## EXERCISE DETAILS
Exactly reproduce the entries, dropping any pictures from your copy.

★ ★ ★ ★ ★

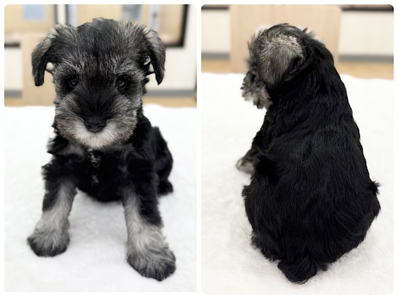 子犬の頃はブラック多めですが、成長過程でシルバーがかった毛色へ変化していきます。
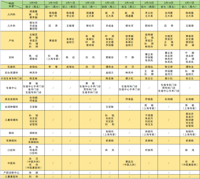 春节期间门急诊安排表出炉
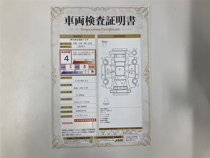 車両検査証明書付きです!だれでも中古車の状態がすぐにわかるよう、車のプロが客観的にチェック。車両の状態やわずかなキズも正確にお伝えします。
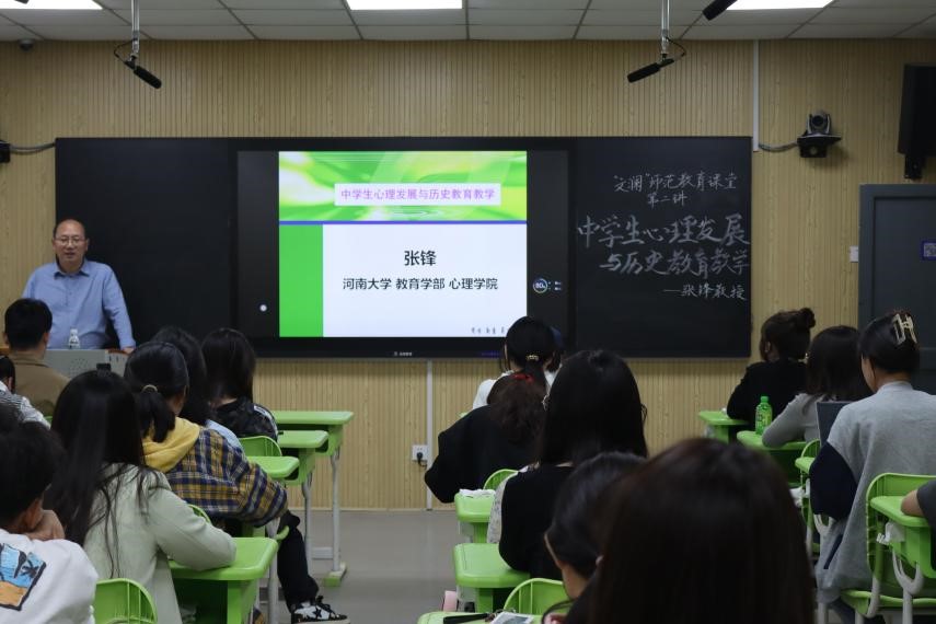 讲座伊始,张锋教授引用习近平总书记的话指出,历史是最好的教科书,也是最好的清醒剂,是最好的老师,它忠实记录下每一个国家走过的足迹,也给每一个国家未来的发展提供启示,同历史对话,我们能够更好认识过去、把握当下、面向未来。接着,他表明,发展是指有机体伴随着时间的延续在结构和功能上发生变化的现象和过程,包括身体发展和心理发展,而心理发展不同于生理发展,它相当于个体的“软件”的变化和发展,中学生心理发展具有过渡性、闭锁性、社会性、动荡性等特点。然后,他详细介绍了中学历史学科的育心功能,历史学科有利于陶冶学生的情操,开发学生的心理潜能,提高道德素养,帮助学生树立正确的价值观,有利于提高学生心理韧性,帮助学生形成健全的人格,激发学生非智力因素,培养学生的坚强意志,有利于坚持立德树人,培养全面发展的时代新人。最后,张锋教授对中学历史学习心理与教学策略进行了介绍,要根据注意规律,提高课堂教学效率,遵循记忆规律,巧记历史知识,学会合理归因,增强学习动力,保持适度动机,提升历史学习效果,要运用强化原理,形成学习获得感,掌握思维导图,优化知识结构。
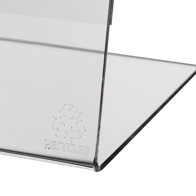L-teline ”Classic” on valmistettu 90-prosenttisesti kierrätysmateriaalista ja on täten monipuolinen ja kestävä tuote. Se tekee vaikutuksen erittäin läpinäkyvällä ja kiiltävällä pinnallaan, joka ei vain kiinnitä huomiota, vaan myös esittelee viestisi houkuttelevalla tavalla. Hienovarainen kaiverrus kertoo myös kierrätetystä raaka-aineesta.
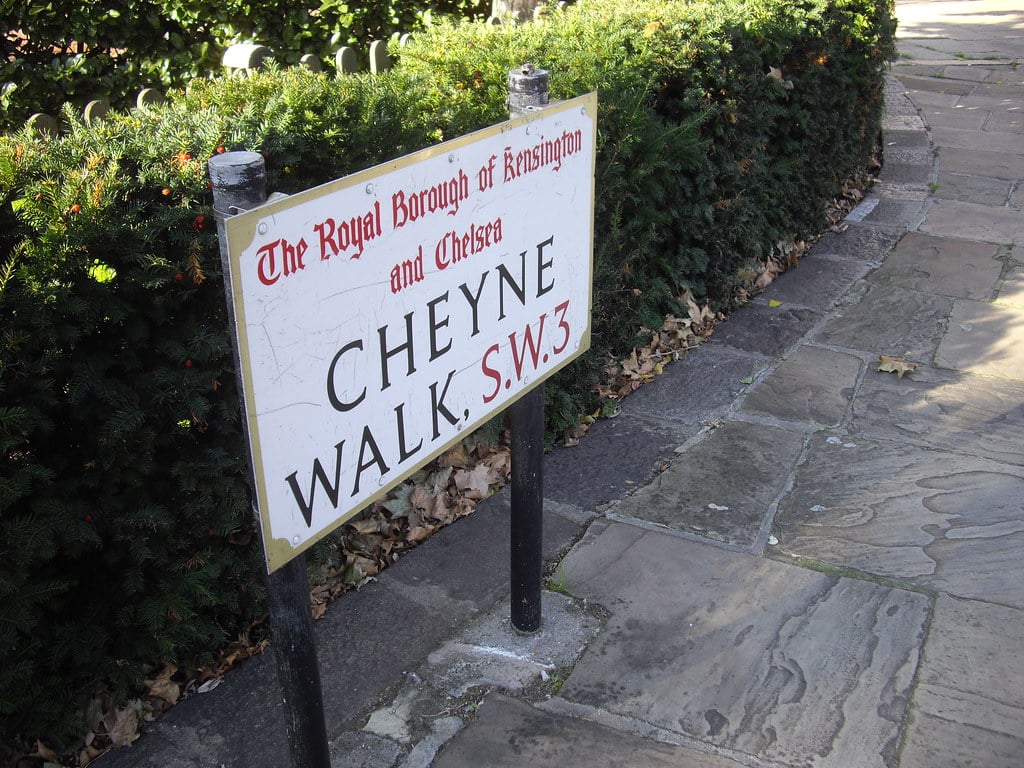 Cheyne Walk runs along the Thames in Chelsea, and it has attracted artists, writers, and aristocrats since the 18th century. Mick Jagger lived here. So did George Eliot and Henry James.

★ ★ ★ ★ ★

## SOLUTION TO THIS PROBLEM
 子犬の頃はブラック多めですが、成長過程でシルバーがかった毛色へ変化していきます。
 春节期间门急诊安排表出炉
 車両検査証明書付きです!だれでも中古車の状態がすぐにわかるよう、車のプロが客観的にチェック。車両の状態やわずかなキズも正確にお伝えします。
 讲座伊始,张锋教授引用习近平总书记的话指出,历史是最好的教科书,也是最好的清醒剂,是最好的老师,它忠实记录下每一个国家走过的足迹,也给每一个国家未来的发展提供启示,同历史对话,我们能够更好认识过去、把握当下、面向未来。接着,他表明,发展是指有机体伴随着时间的延续在结构和功能上发生变化的现象和过程,包括身体发展和心理发展,而心理发展不同于生理发展,它相当于个体的“软件”的变化和发展,中学生心理发展具有过渡性、闭锁性、社会性、动荡性等特点。然后,他详细介绍了中学历史学科的育心功能,历史学科有利于陶冶学生的情操,开发学生的心理潜能,提高道德素养,帮助学生树立正确的价值观,有利于提高学生心理韧性,帮助学生形成健全的人格,激发学生非智力因素,培养学生的坚强意志,有利于坚持立德树人,培养全面发展的时代新人。最后,张锋教授对中学历史学习心理与教学策略进行了介绍,要根据注意规律,提高课堂教学效率,遵循记忆规律,巧记历史知识,学会合理归因,增强学习动力,保持适度动机,提升历史学习效果,要运用强化原理,形成学习获得感,掌握思维导图,优化知识结构。
L-teline ”Classic” on valmistettu 90-prosenttisesti kierrätysmateriaalista ja on täten monipuolinen ja kestävä tuote. Se tekee vaikutuksen erittäin läpinäkyvällä ja kiiltävällä pinnallaan, joka ei vain kiinnitä huomiota, vaan myös esittelee viestisi houkuttelevalla tavalla. Hienovarainen kaiverrus kertoo myös kierrätetystä raaka-aineesta.
 Cheyne Walk runs along the Thames in Chelsea, and it has attracted artists, writers, and aristocrats since the 18th century. Mick Jagger lived here. So did George Eliot and Henry James.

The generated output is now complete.